SU735862A1 - Apparatus for automatic steam-pressure control in common main before turbines - Google Patents

Description

The invention relates to a power system and can be used in thermal power plants with cross-links to control the vapor pressure in front of the turbines. This pressure in the common line should be maintained at the maximum acceptable level under reliability conditions ⁵ , since a decrease in pressure reduces the efficiency of the turbines.

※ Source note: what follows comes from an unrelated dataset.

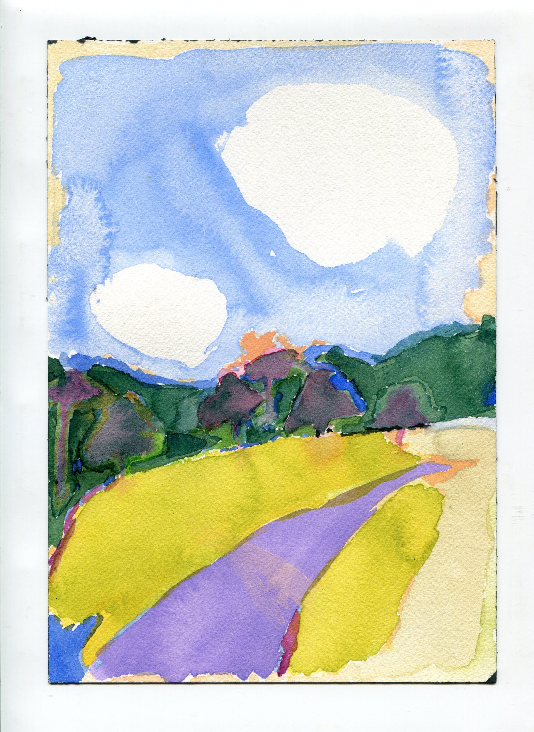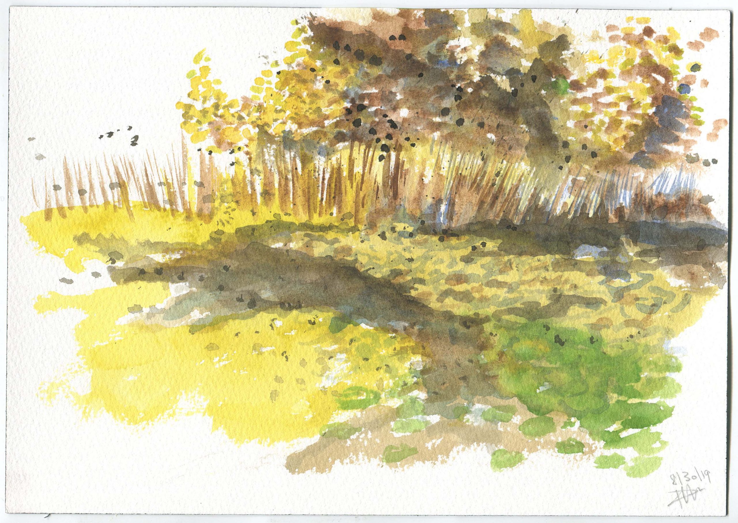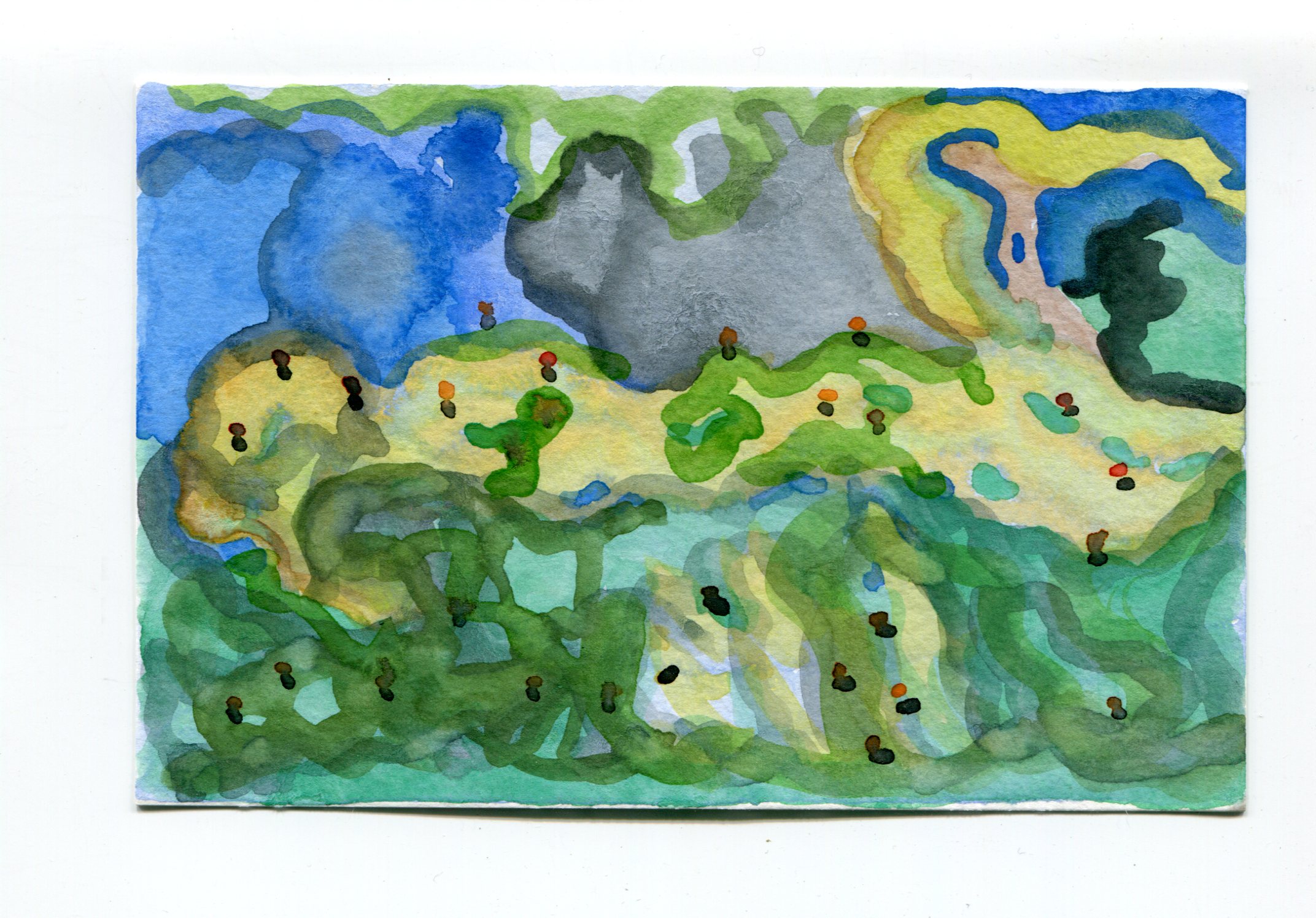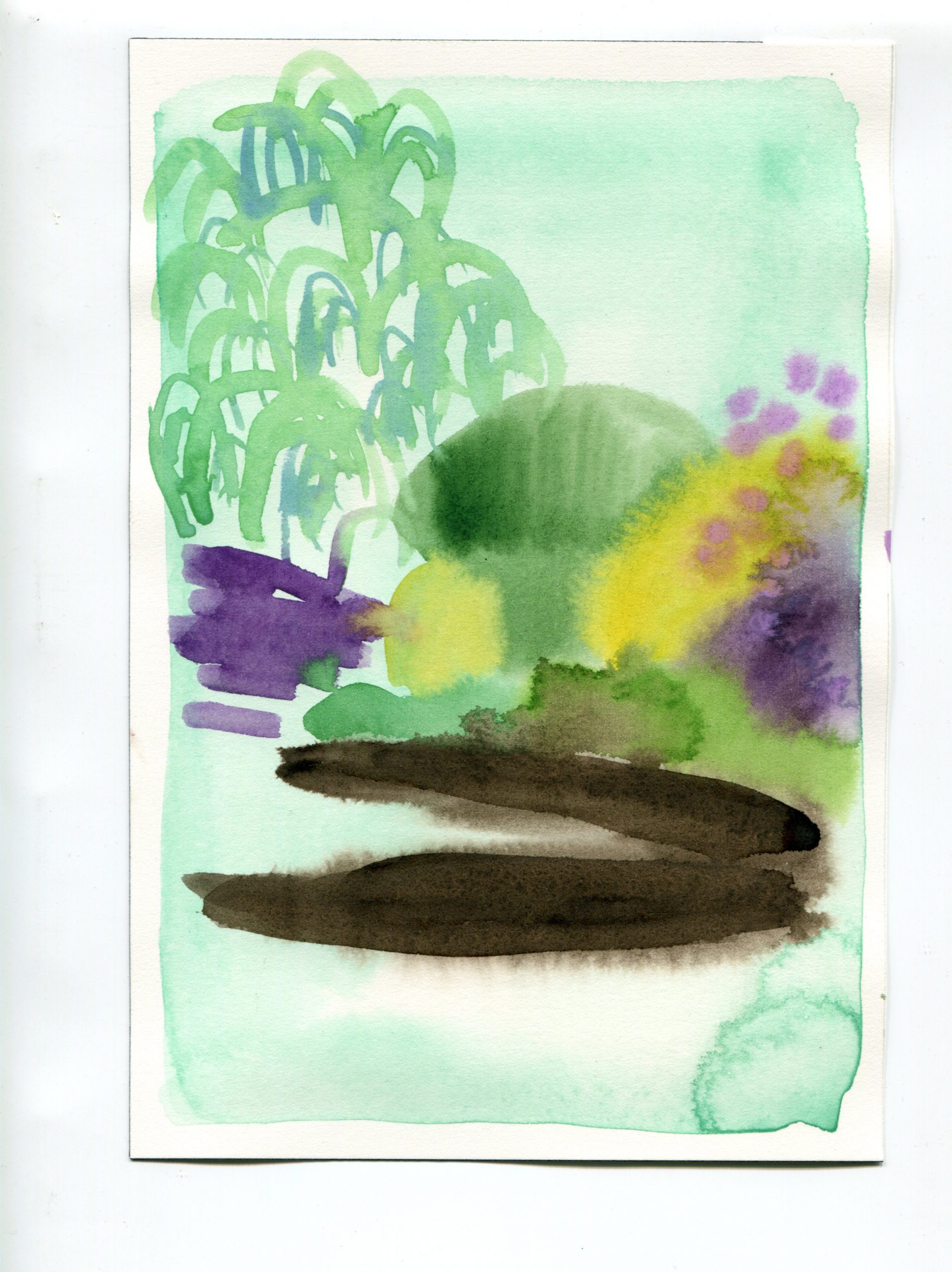 Leslie showed up with her portable painting tables and pallets of Japanese watercolors and we spent the afternoon painting with my sister Natalie. Leslie made a number of beautiful paintings, while I muddled through various attempts to put something on paper that wasn’t immediately offensive. She was a gracious teacher and encouraging painting partner. It’s nice to spend time working alongside somebody that has a very developed practice. The paintings weren’t overly precious, and she worked with an ease and confidence that made it fun. She had a nice repertoire of encouraging comments to keep you moving: “It’s just paper.” Or “You can start another painting if you don’t like that one.” Leslie’s paintings were abstract but rooted in the situation. She pulled elements like the color of the coneflowers, or the shape of a bush, or the bending of a trunk, and synthesized them into imaginary landscapes that were fantastic, but familiar. I don’t think she could have made the same painting sitting anywhere else, they seemed very specific to the time and place. I didn’t end up with any paintings that I liked, and I don’t think I’ve touched my watercolors since, but it did give me a refreshed appreciation for my immediate environment, the beauty of the flowers and the grasses, and the power of concentrated observation to transform your connection to a place.

A device is known for automatically controlling the steam pressure in the common line in front of the turbines, comprising a logical control unit, the outputs of which are connected to the inputs of the heat load regulators of the steam generators, and the inputs - to the outputs of the main controller and the maximum pressure isolation unit, also associated with the output of the main controller, and steam pressure sensors in front of the turbines connected to the inputs of the logical control unit and the maximum pressure allocation unit [1]. ₂₀

However, this device has a limited efficiency of turbine operation, since it does not take into account that the load of steam generators in most cases does not correspond to the steam loads of the nearest turbines. The resulting steam flows and pressure drops along the common line reduce the efficiency of the turbines, increasing pressure losses.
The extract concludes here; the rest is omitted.